TREASURIES-Yields drop as jobs data disappoints
* 10-year Treasuries yields lowest in three months
* Fed seen unlikely to taper before 2014 Fed to buy $1.25 bln-$1.75 bln bonds due 2036-2043
NEW YORK, Oct 22 (Reuters) - U.S. Treasuries yields fell to the lowest in three months on Tuesday after data showed that U.S. employers added far fewer workers than expected in September, reducing expectations that the Federal Reserve could taper its bond purchases this year. Nonfarm payrolls increased by 148,000 last month, the Labor Department said on Tuesday. While the job count for August was revised to show more positions created than previously reported, employment gains in July were the weakest since June 2012.

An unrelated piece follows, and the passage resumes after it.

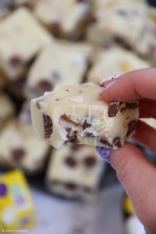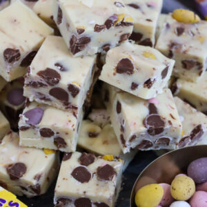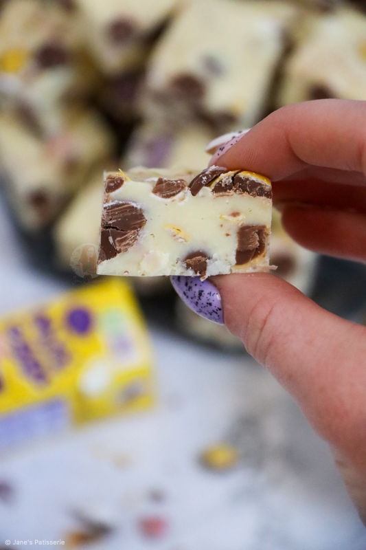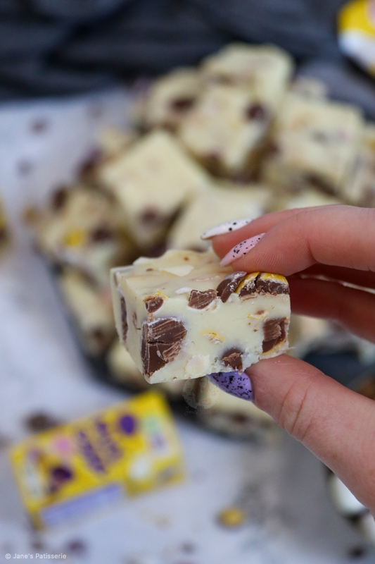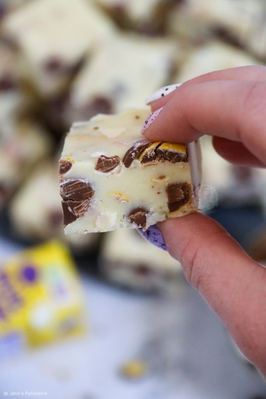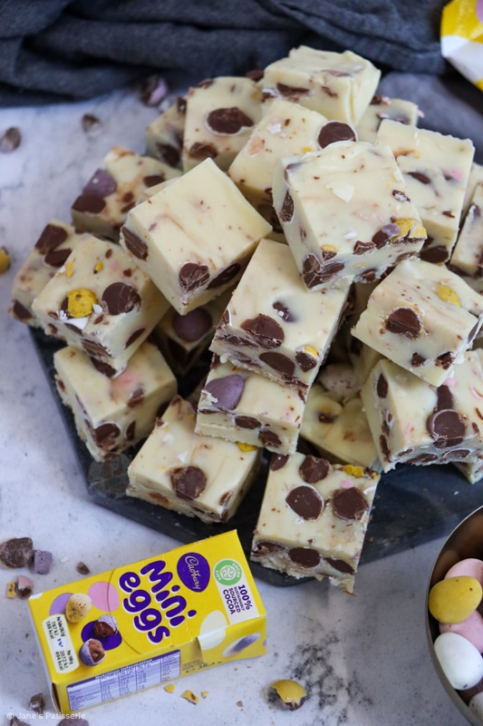 The recipe itself is based on my other ‘cheats fudge’ recipes such as my biscoff fudge, my cookie dough fudge, my mint aero fudge and I just can’t get enough of them. To the haters out there, you can use my vanilla fudge recipe and add mini eggs to that instead.
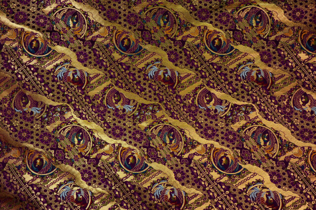 上品なパープルの織地に、レッド、グリーン、ブルー、ライトブルー、オレンジ、ゴールドカラーなどで織り出された鳳凰が籠目文を舞う、優雅な金襴生地で、大人の趣味から、お子様や園児、学生まで、幅広い層にご利用頂けます。宮司や僧侶など、伝統的な職業の方々にも重宝されているほか、インテリアやお土産品を製造する土産品製造者や工務店の方々にも人気の素材です。犬の服や小物にも使用されることから、ペット用のアパレルにも応用可能です。

But there was some sign of a silver lining in the report, with the unemployment rate dropping a tenth of a percentage point to 7.2 percent, the lowest since November 2008. "This really does push us into a January, February mode (for tapering) and if there is a shutdown possibly even further," said Aaron Kohli, an interest rate strategist at BNP Paribas in New York. Economists polled by Reuters expect that U.S. employers added 180,000 workers in September, up from 169,000 in August, while the jobless rate was seen steady at 7.3 percent. Benchmark 10-year notes were last up 19/32 in price to yield 2.54 percent, the lowest since July 24 and down from 2.58 percent before the data was released. The yields have fallen from 3 percent on Sept. 5, before the Fed surprised investors by keeping the size of its bond purchase program unchanged. An improving jobs picture is key to the Fed reducing the size of its $85 billion-a-month bond-purchase program, which is meant to stimulate growth and reduce the jobless rate. The Fed will buy between $1.25 billion and $1.75 billion in bonds due from 2036 and 2043 on Tuesday as part of its ongoing purchases. The jobs data for September was delayed by the 16-day partial federal government shutdown. It was originally scheduled for release on Oct. 4. The shutdown delayed a number of U.S. economic releases, muddying insight into the economy's strength and pushing back expectations on when the Fed is likely to begin to taper until the first quarter of 2014. Data over the coming months is expected to reflect uncertainties about the effects of the shutdown, the debate over fiscal policy and concerns about the raising of the debt ceiling only until February, given fears of renewed political conflict and another possible shutdown as that deadline approaches. The release of the October payrolls report has been pushed back to Nov. 8 from Nov. 1. Other data the government has rescheduled includes the Consumer Price Index for September, which will now be released on Oct. 30, and the Producer Price Index for September, now due on Oct. 29.